Meanwhile, we couldn’t get a satisfying result from deep learning. We thought the biggest reason for low performance was the lack of data. Another reason was limited computation power. Since we were not equipped with powerful machines for deep learning, we could use relatively shallower networks such as 18-layer ResNet and AlexNet. In addition, in the process of converting EEG, a high-dimensional data, into an image for deep learning, a lot of information such as connectivity and power ratio couldn’t be expressed but only sensor power features.

We conducted several preliminary studies to detect the specific EEG patterns related to AD and observed the characteristics of EEG patterns as being similar to this study where relative theta increased in the frontal or temporal area and decreased in mid-beta [12 ~ 20 Hz] in both centroparietal areas. It was demonstrated that the Aβ + SCD group showed stronger theta activity in the frontotemporal area compared to the Aβ- SCD group, and this pattern was more prominent in the APOE ε4 allele (+) subgroup31. A similar patten was enhanced when AD dementia was compared to the non-dementia AD group32. Based on these observations, we successfully developed an ML-based classification algorithm to discriminate amnestic MCI from SCD or normal ageing33. Various prior studies also repeatedly reported that the enhancement of theta in frontal or frontotemporal and attenuation of mid-beta in centroparietal areas in resting-state EEG were related to MCI or ADD4550. Furthermore, these patterns are not limited to showing the current disease state, but also related to predicting the future progression of cognitive impairment in the preclinical stage of AD. In a prospective study to find predictive factors for the progression of cognitive impairment in amyloid PET-confirmed preclinical AD, the group that progressed from SCD to MCI showed more significant enhancement of theta in midfrontal or temporal areas compared to the stable group. A relative weakening pattern of beta waves in both centroparietal areas was also observed in the progressive group of SCD or MCI51.

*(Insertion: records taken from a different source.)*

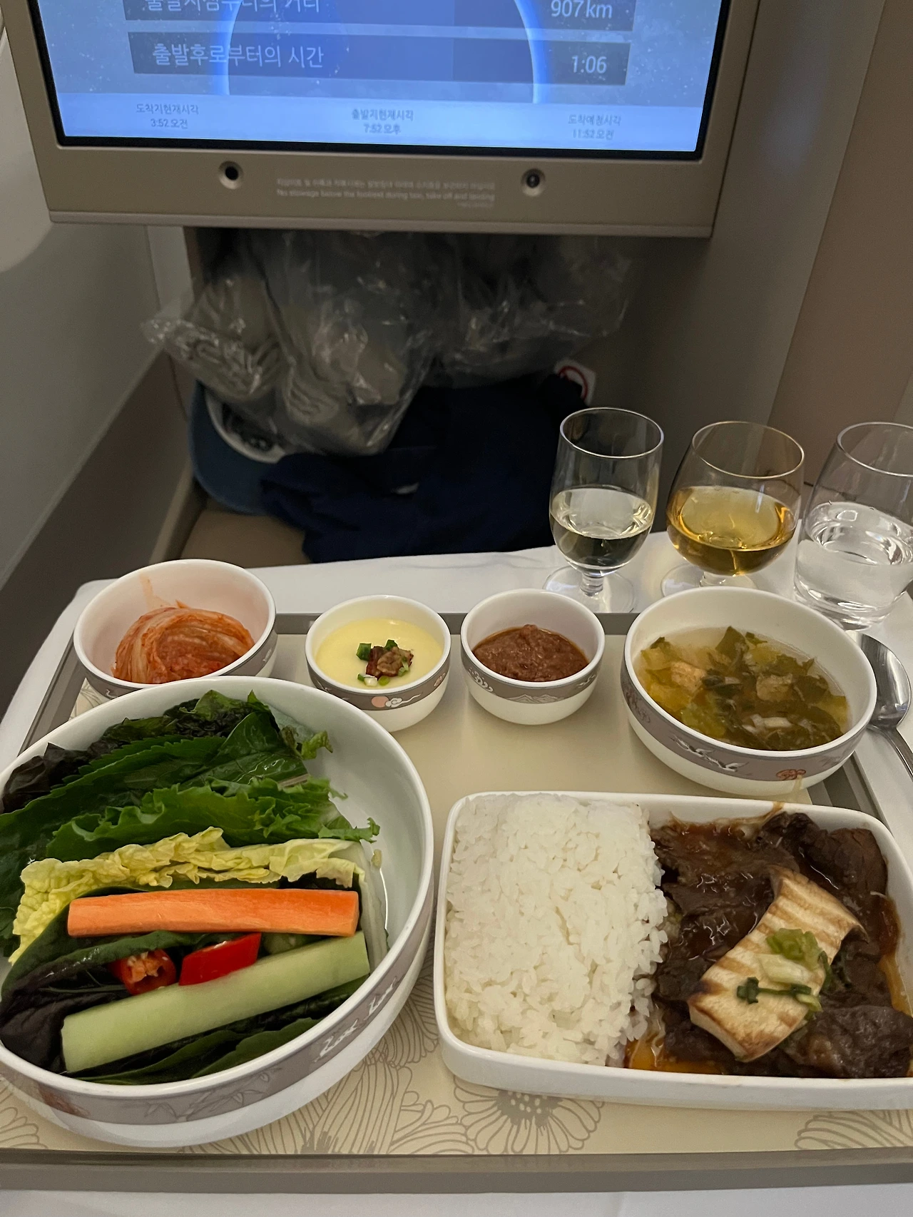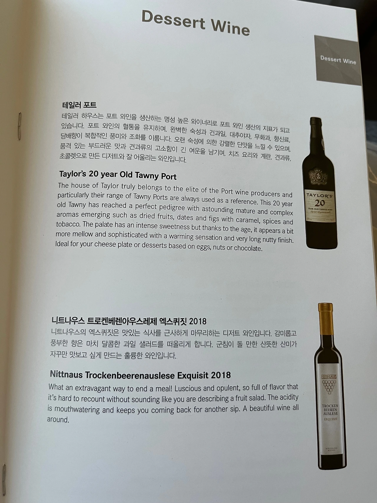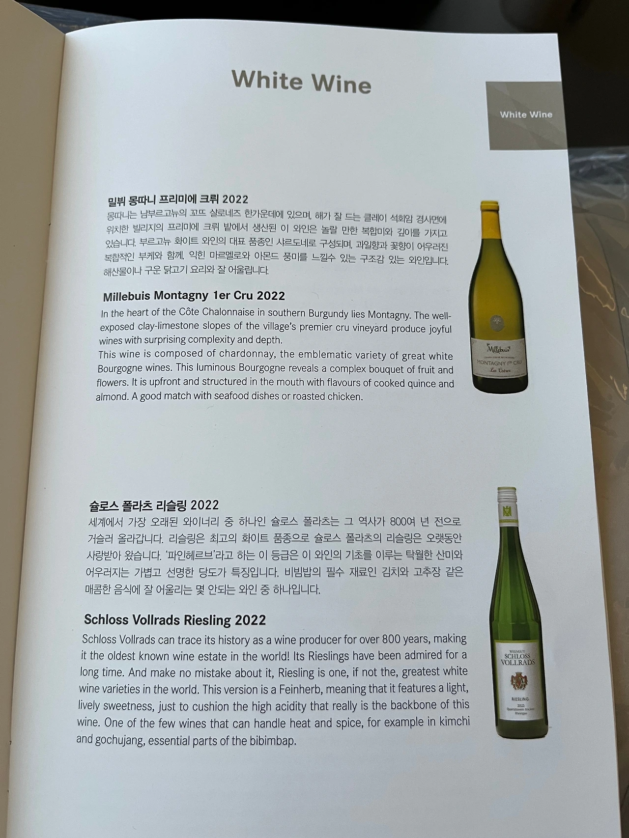일단, 탑승 직후 웰컴드링크로 제공되고 있었으나 지각 탑승이라는 과오를 저지른 민망함에 내 스스로 거절했던 팔머 브뤼 리저브Palmer Brut Reserve 샴페인 한 잔, 식사로 선택한 양념갈비에 어울릴만한 한산소곡주(아마도 우희열 명인의 것) 한 잔, 뜯다 보니 갈비도 고기인지라 자연스레 지공다스Clos du Bois de Menge Gigondas 레드와인 한 잔, 후식으로 제공된 떡에 곁들일 테일러 타우니 포트Taylor's 20 year Old Tawny Port 한 잔과 과일에 어울릴 트로켄 베렌 아우슬레제 리슬링Nittnaus Trockenbeerenauslese Exquisit 한 잔.
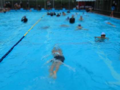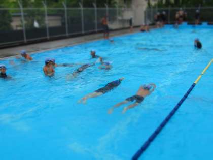 2限め。 朝から降っていた雨もあがり、水泳授業を受けています。
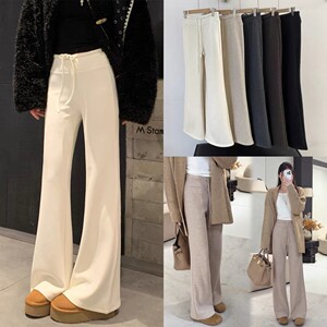 米白色加绒微喇女2025年新款秋冬季糯米阔腿裤高腰垂坠感显高喇叭
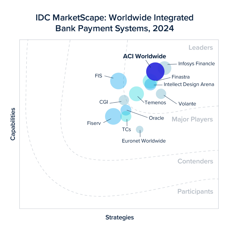ACI Worldwide proudly announces our recognition as a leader in the 2024 IDC MarketScape for Integrated Bank Payment Systems Vendor Assessment. This achievement reflects our dedication to delivering rich and highly resilient payment orchestration services built on a modern platform to support future growth and innovation.
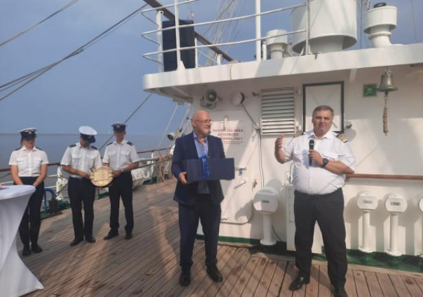 Następnie na ręce Rektora Hochschule Bremerhaven prof. Alexisa Papathanassisa JM Rektor prof. dr hab. inż. kpt. ż.w. Adam Weintrit na pamiątkę obchodów wręczył oryginalny bulaj z pokładu „Daru Młodzieży” oraz komplet porcelanowej zastawy według wzoru używanego na „Darze Młodzieży”.
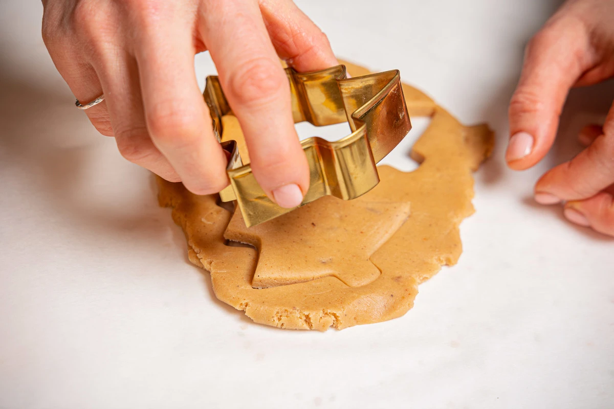 Вырежьте пряники нужной формы. Соберите оставшееся тесто, снова раскатайте в пласт и вырежьте пряники. И так пока не израсходуете всё тесто.
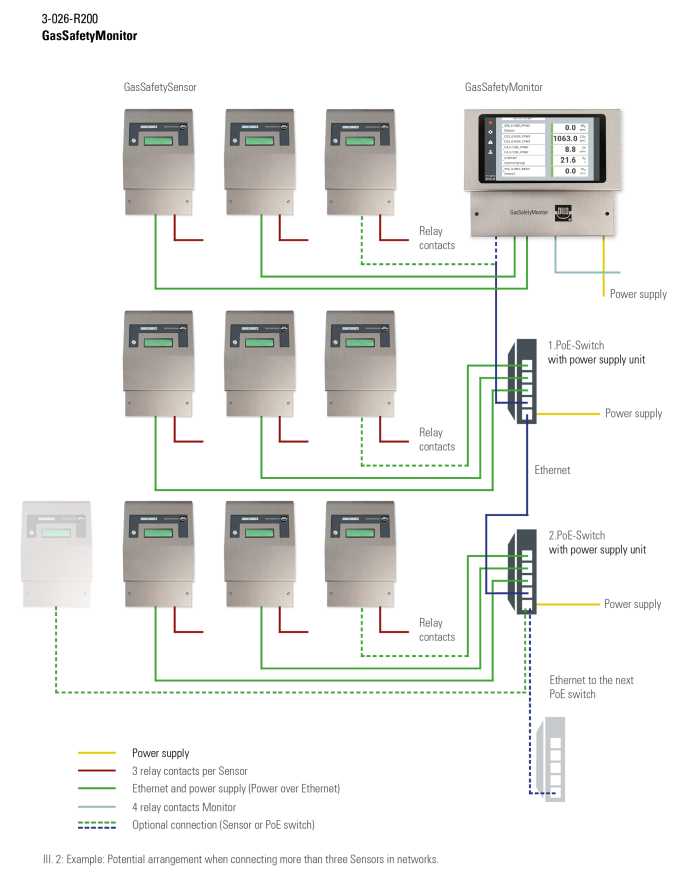 - The additional Sensors can be connected via a PoE-injector switch until the maximum number is reached (see illustration 2)
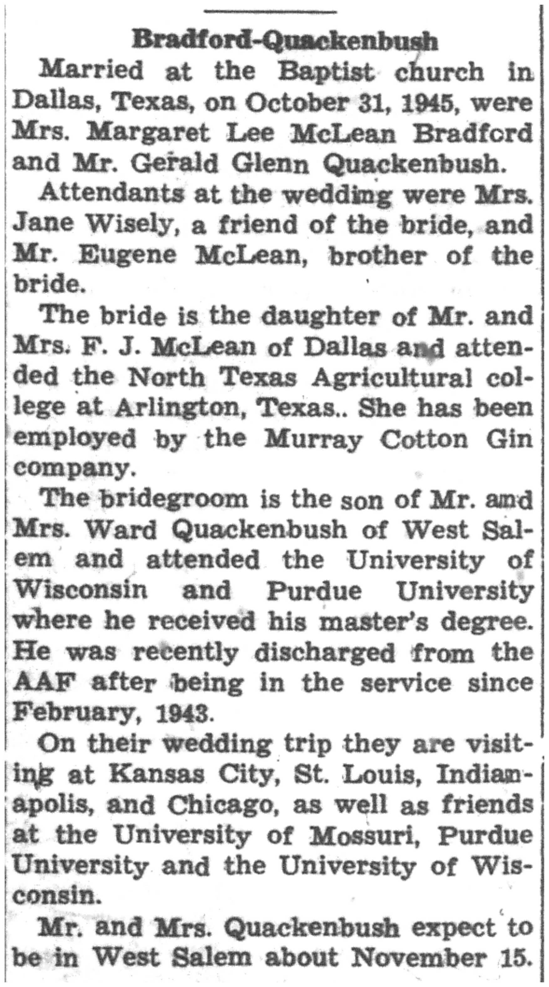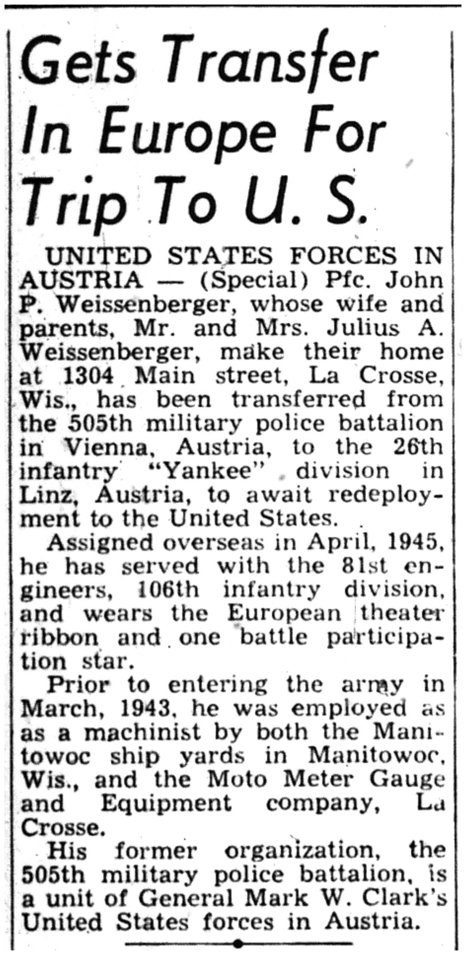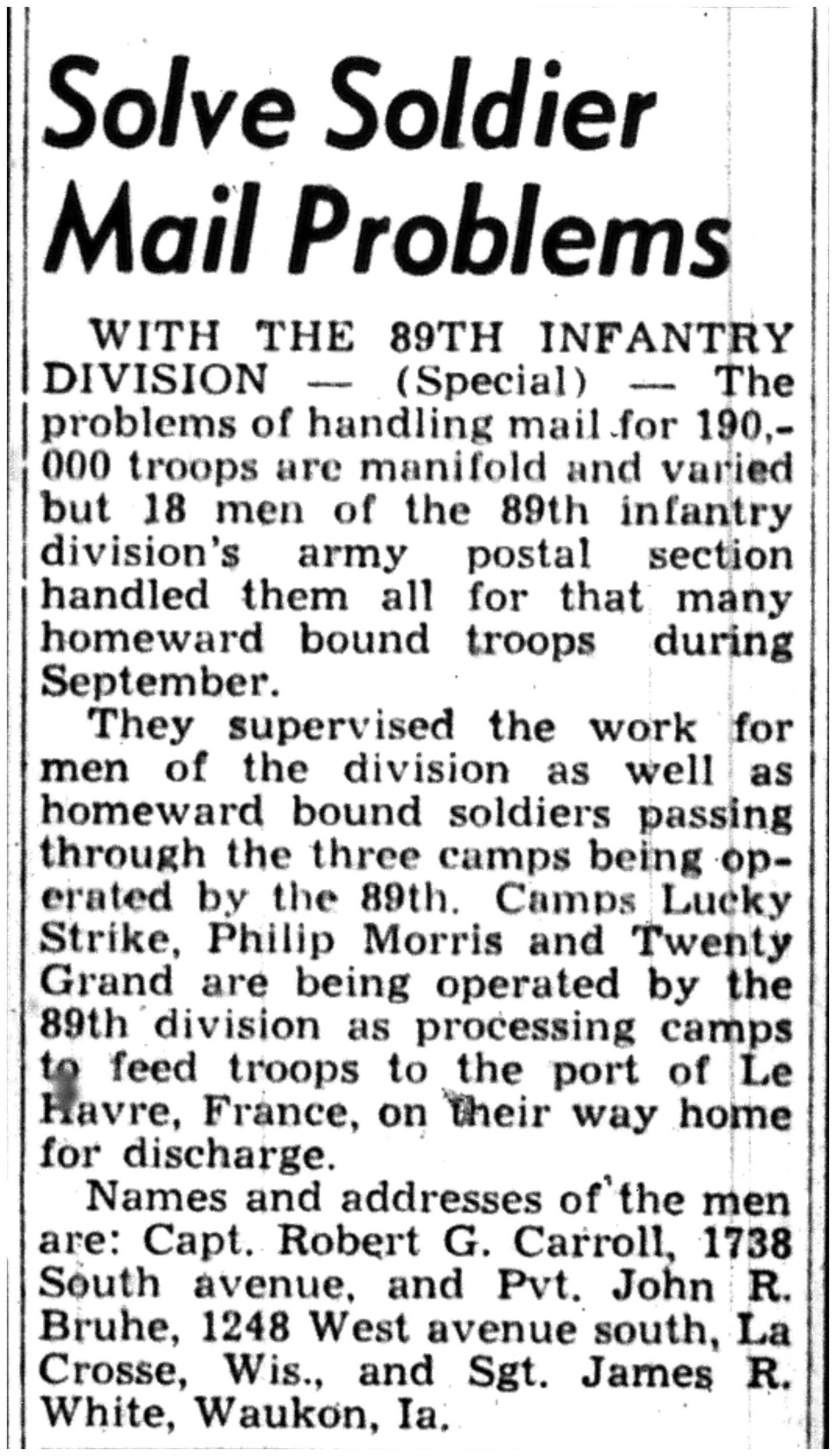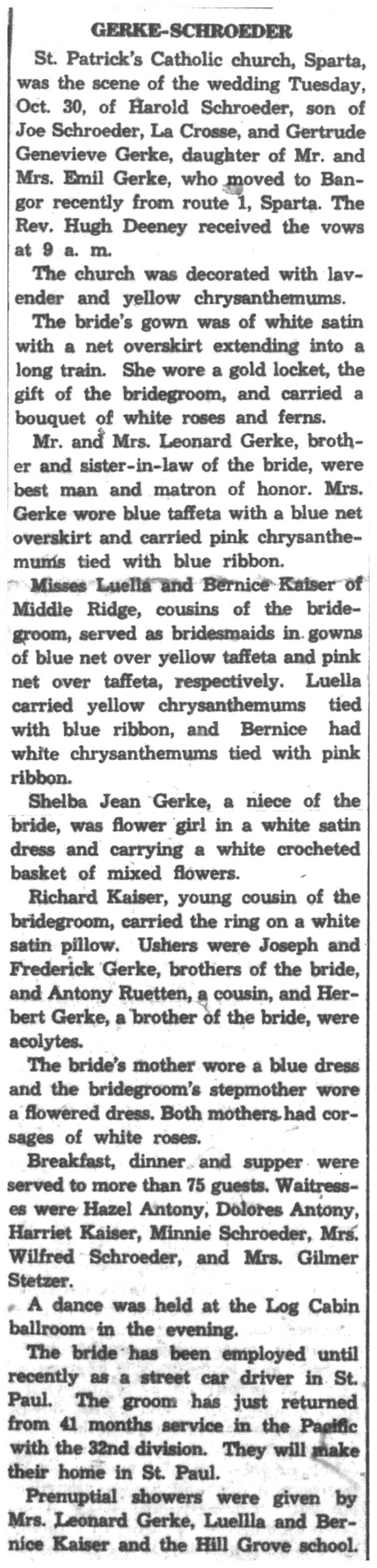 | 1945-11-1 | La Crosse Tribune p20 |

From the observations in this and other previous studies, we assumed that the enhancement of frontal theta beyond age-related physiological increase could be an EEG biomarker surrogate for neurodegenerative pathology such as Aβ plaque or related cognitive impairment. On the other hand, net-neurocognitive performance isn’t determined only by neurodegenerative pathology, but is also affected by cognitive reserve. Weakened neural compensation is related to attenuated cognitive function, especially in AD52. We hypothesize that bilateral enhancement of beta waves in the centroparietal area could be related to neural compensatory activity in ageing or neurodegenerative disease, since this pattern is obvious in preclinical AD, but becomes weak and disappears in AD MCI or ADD. This beta wave range [12–20 Hz] is related to alertness or active information processing and bilateral enhancement of this frequency band isn’t observed in healthy young adults. We will have to conduct further studies to validate the meaning of this phenomenon and relation with neural compensation or cognitive reserve, which could be tentative targets of cognitive enhancement intervention or neuromodulation. Aβ plaque is the main pathology of AD and the diagnostic biomarker of it. However, the quantity of Aβ plaque is weakly correlated with AD-related cognitive impairment, so a decrease in Aβ plaque in amyloid PET can’t predict the prevention of further cognitive impairment or recovery of cognitive function well. Although EEG patterns or ML algorithm for AD are not the direct biological measurement of Aβ plaque, they are a specific endophenotype of underlying Aβ plaque, and could be a surrogate marker for AD-related cognitive functional changes. There have been many efforts to find easily accessible, cost-effective, and noninvasive biomarkers for AD. Compared to various peripheral tentative biomarkers, EEG is the only direct, noninvasive measure of the brain’s real-time neuroelectric activities closely synchronized to emotional, cognitive and behavioral status, or functional brain activities. Advances in computational neuroscience, AI/ML technology and cloud computing have uncovered a large amount of previously invisible information in EEG data and improved its usability in clinical situations.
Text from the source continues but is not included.